行雲流水

阿島征夫、一生活者として、自由に現代の世相を評す。時には旅の記録や郷土東京の郊外昭島を紹介する。

高プロ制度に換わるトヨタの提案

2017-08-10 21:45:48 | Weblog
政府は今秋の臨時国会に「脱時間給制度」を盛り込んだ高度プロフェッショナル制度法案を提出するとし、これに対し、連合は年104日以上の休日取得を企業に義務づけることに加え、労働時間の上限設定、終業から始業まで一定の休息を確保する「勤務間インターバル制度」の導入、2週間連続の休日取得を盛り込もうと動いた。この動きをマスコミは連合が高度プロフェッショナル制度を容認したと誤報道し、混乱が生じ、連合はこの修正を撤回した。この高度プロフェッショナル制度の対象は年収1075万円以上の金融ディーラーなどが対象としているが、経団連などは総務・経理などに範囲を拡大することを課題としており、制度が導入されれば対象はいずれ拡大する。
 
トヨタはホワイトカラーの働き方改革で新制度を労組に提案した。報道によればこのトヨタ案こそが高度プロフェッショナル制度政府案より多くの点で優れていると思う。その骨子は残業時間に関係なく毎月45時間分の手当を支給するほか月45時間を超えた分の残業代も支払う。これなら「脱時間給」残業代ゼロ法案とは全く異なる。
トヨタの新制度では残業時間に関係なく月17万円(45時間分の残業代に相当)を支給する。月17万円の支給額は一般的な主任職の現行裁量労働手当の約1・5倍、一般的に残業代を追加支給しない裁量労働制とは違い、新制度は会社が勤務実績を把握し月45時間を超えた分も支払う。法律が定める裁量労働制の業務よりも幅広い事務職や技術職の係長クラス7800人を対象としている。

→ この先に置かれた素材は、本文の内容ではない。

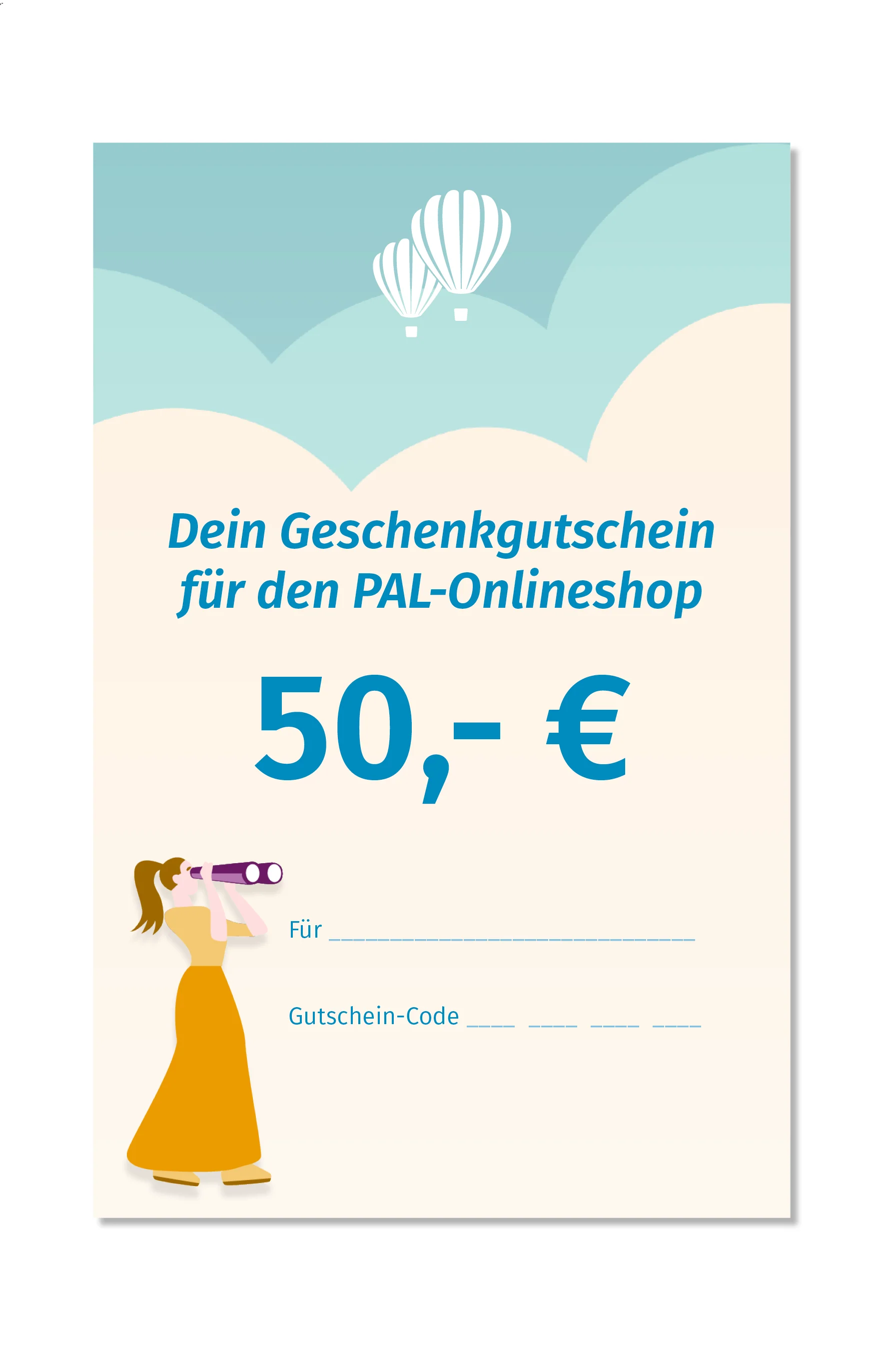 Der Gutschein kann für alle angebotenen Produkte im PAL Onlinehop eingelöst werden, nicht jedoch für Käufe von PAL-Produkten bei anderen Händlern und Onlinehändlern. Nachträglich können die Beträge auf den Geschenkgutscheinen nicht verändert werden.

トヨタ労使で結んだ「36(サブロク)協定」では原則「月45時間、年360時間まで」だが、繁忙期の超過を認める特別条項付きの36協定を結んでおり、新制度はこの範囲で運用する。繁忙期に備え残業の上限時間を月80時間、年540時間に広げる方向で組合と協議する。
問題の過重労働対策については、対象者には夏季休暇や年末年始などの連休以外にも平日に5日連続の休暇取得を義務付ける。未達成の場合は翌年から対象から外れる。残業時間が一定水準を超えた場合は健康診断も受けさせる。
 
最終的な制度は今後のトヨタ労使の協議によって決まるので、これはあくまでも会社側の提案であるが、所定労働時間を守っていれば週に2時間以上出社すればよく、在宅勤務も可能とのことで、個人の自由裁量拡大が生産性向上に結びつくのではないか。